**Problem**: Below are records with pictures in them. Output exactly the lines from the one with "Фото і відео" through the one with "bünyesinde hizmet veren", both included, and leave every picture out; give only those lines.

**Data shown**:
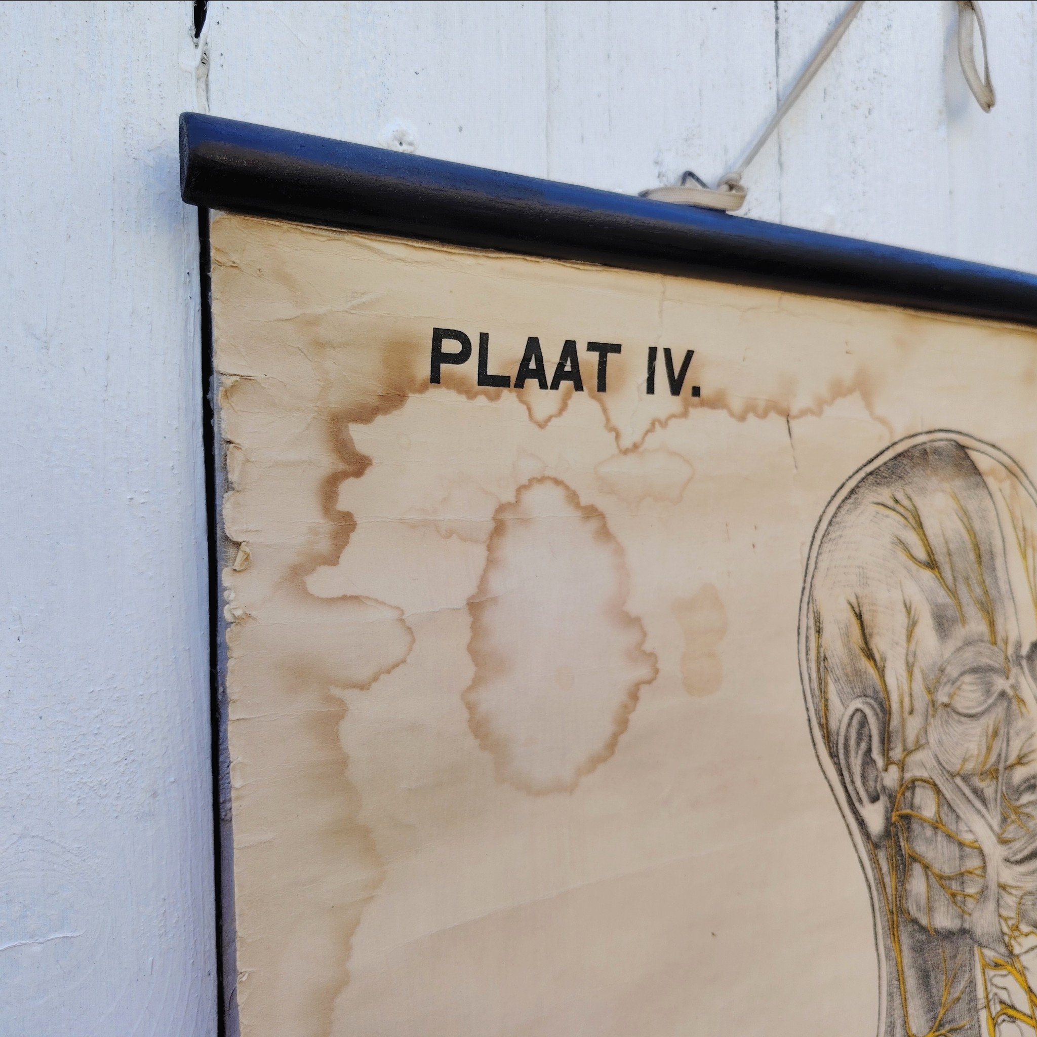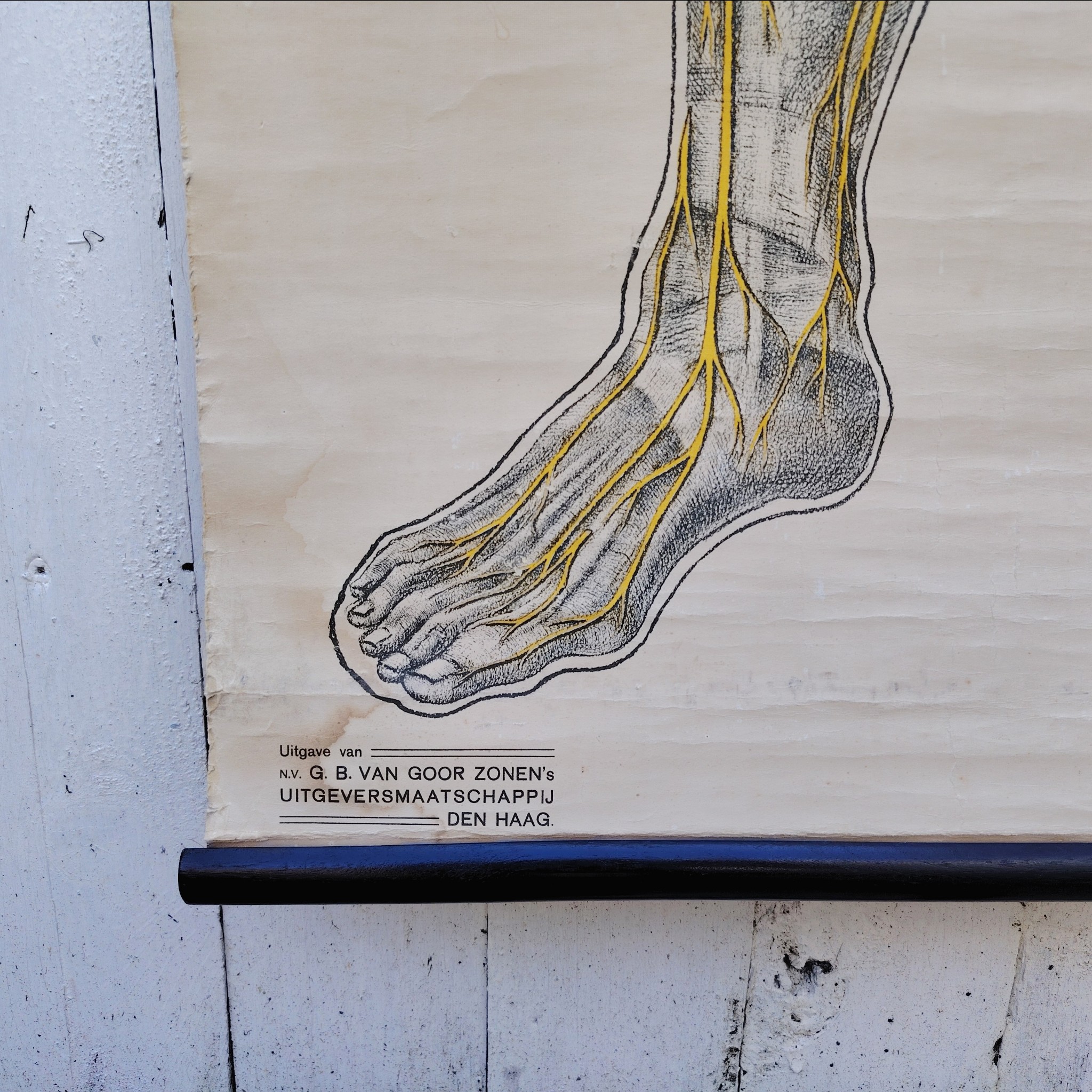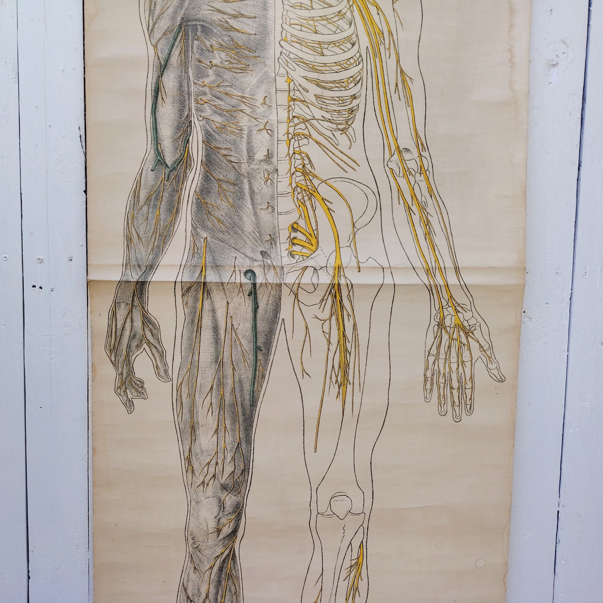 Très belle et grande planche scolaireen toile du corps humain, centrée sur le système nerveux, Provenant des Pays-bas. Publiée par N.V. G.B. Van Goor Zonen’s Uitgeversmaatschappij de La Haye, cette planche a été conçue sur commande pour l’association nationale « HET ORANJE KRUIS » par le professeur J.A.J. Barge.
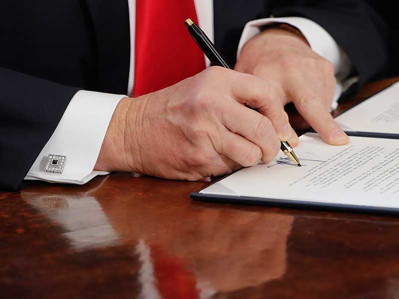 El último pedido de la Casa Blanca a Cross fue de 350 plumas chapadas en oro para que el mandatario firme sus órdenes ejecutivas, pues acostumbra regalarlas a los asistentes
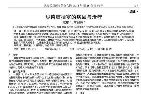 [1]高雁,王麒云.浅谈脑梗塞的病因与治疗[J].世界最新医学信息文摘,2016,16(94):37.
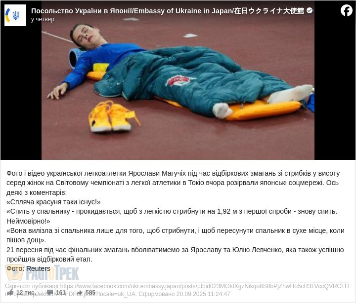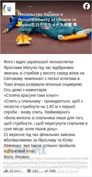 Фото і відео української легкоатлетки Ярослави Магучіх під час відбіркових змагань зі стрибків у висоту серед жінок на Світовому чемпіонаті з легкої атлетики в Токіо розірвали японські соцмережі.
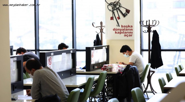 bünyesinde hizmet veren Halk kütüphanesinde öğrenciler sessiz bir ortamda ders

...

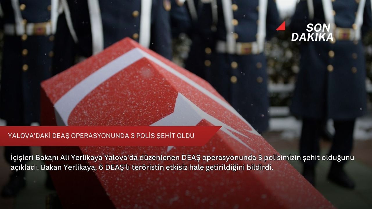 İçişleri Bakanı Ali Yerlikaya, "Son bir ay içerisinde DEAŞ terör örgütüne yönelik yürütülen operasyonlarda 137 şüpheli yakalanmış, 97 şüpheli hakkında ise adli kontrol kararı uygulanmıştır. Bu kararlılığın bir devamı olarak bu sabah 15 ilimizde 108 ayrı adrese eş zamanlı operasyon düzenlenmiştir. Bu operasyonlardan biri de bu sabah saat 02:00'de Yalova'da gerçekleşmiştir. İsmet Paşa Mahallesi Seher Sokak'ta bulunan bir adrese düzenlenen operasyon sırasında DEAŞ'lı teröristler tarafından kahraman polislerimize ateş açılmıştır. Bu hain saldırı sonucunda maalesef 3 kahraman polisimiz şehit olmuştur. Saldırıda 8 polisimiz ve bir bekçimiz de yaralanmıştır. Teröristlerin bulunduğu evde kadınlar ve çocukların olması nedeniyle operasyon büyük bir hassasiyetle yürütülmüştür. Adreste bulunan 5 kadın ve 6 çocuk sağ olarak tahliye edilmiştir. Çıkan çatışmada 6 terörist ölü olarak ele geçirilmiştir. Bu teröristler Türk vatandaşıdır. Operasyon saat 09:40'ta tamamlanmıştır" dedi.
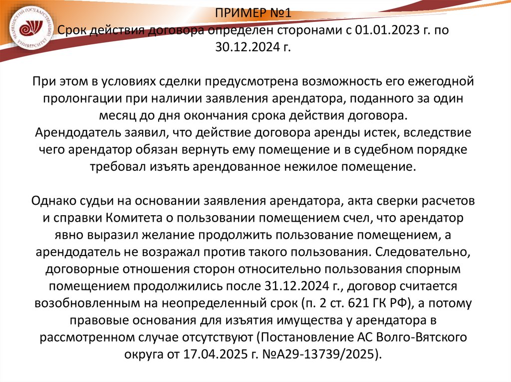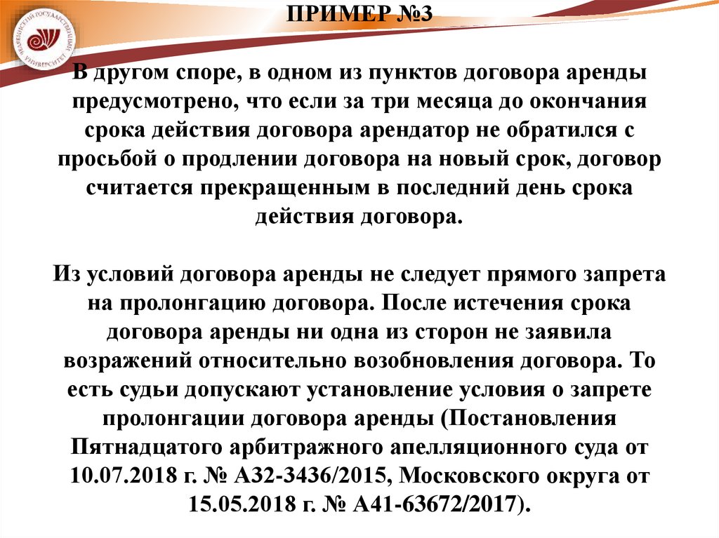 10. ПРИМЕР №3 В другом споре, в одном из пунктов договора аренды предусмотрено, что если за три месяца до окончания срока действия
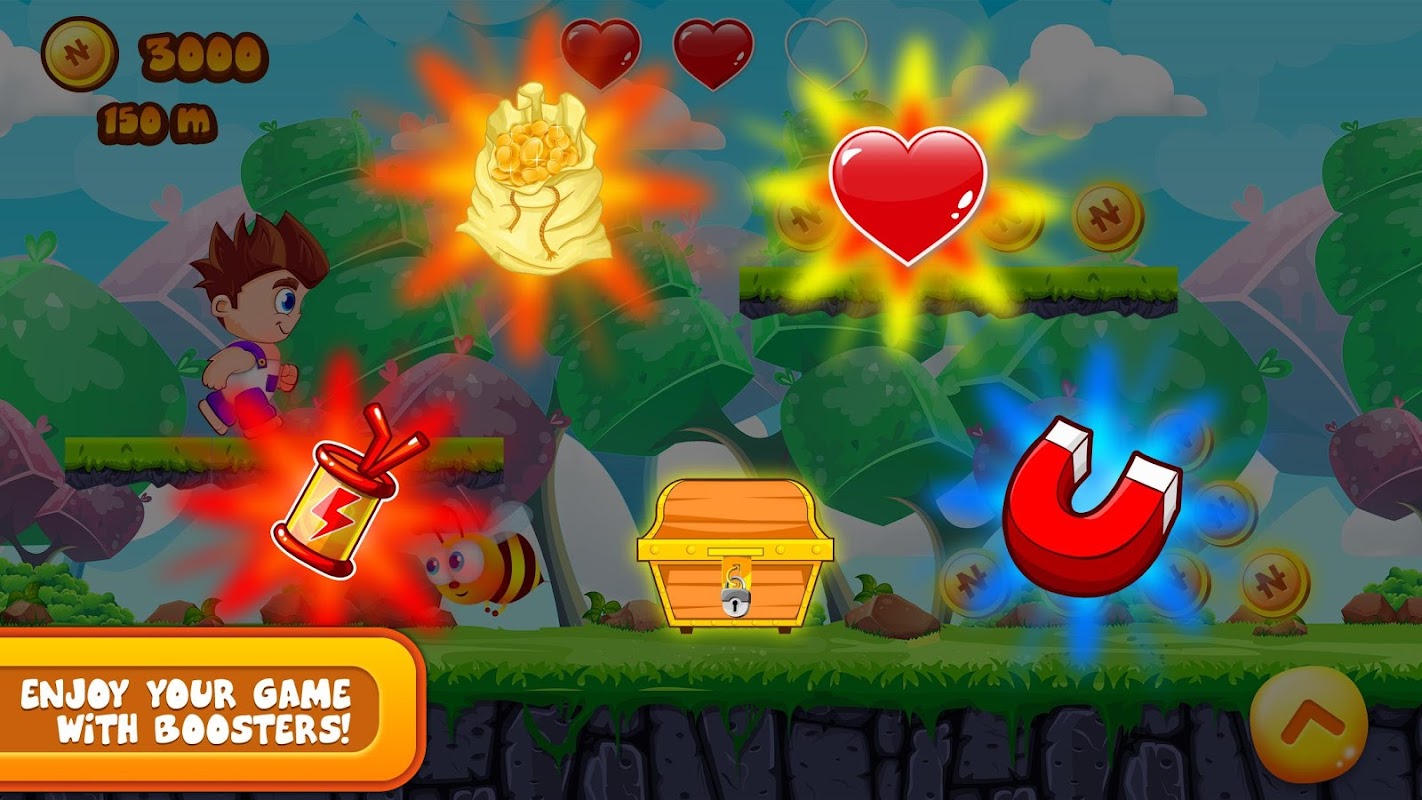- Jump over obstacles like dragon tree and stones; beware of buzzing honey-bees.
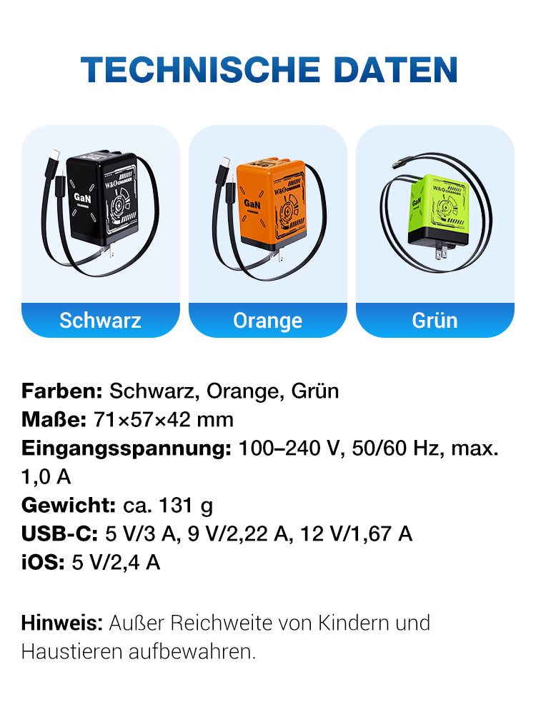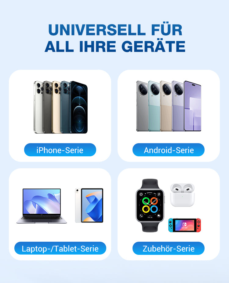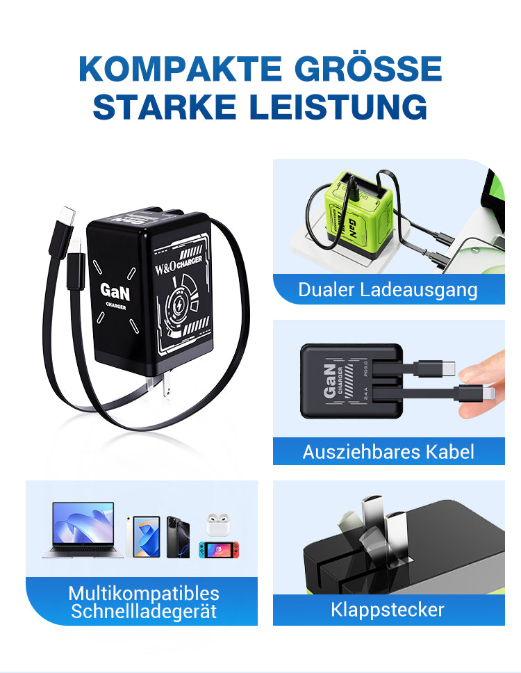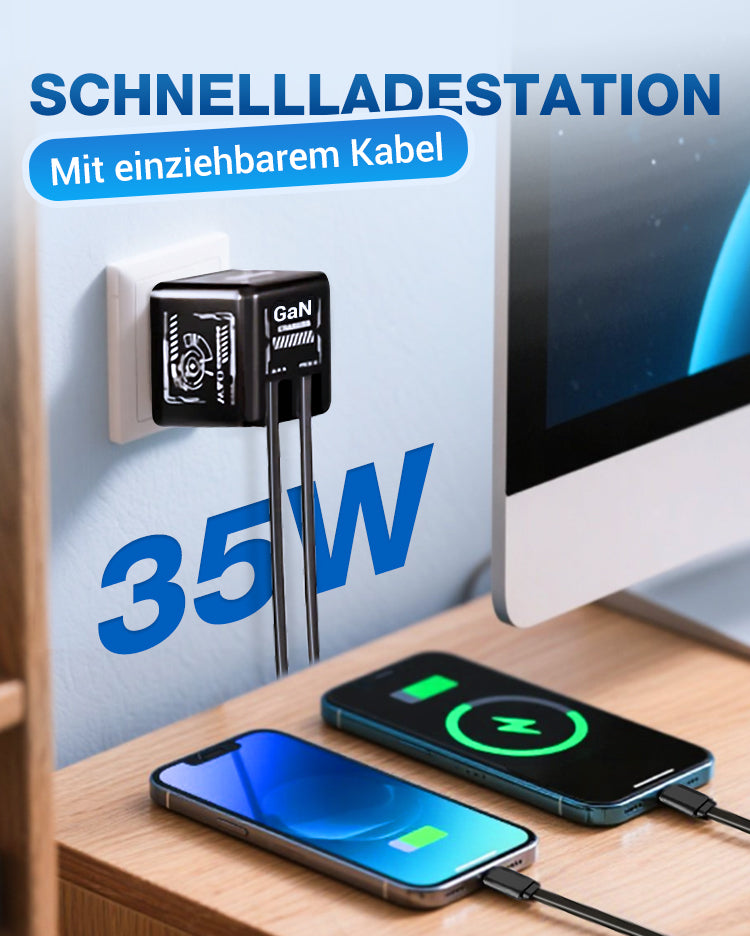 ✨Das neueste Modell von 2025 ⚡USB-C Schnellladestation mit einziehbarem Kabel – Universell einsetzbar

==

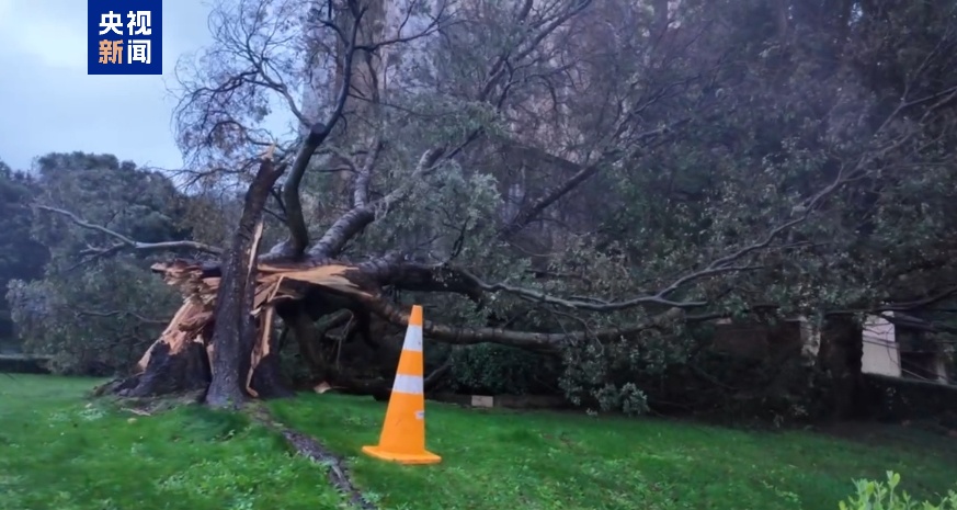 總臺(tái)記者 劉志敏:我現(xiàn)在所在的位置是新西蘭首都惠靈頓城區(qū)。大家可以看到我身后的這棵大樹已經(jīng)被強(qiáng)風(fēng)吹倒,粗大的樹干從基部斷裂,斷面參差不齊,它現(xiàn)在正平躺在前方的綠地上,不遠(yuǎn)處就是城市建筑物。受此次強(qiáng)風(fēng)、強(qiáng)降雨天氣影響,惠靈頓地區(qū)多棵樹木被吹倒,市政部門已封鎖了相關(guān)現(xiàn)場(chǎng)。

**Answer for the task**:
 Фото і відео української легкоатлетки Ярослави Магучіх під час відбіркових змагань зі стрибків у висоту серед жінок на Світовому чемпіонаті з легкої атлетики в Токіо розірвали японські соцмережі.
 bünyesinde hizmet veren Halk kütüphanesinde öğrenciler sessiz bir ortamda ders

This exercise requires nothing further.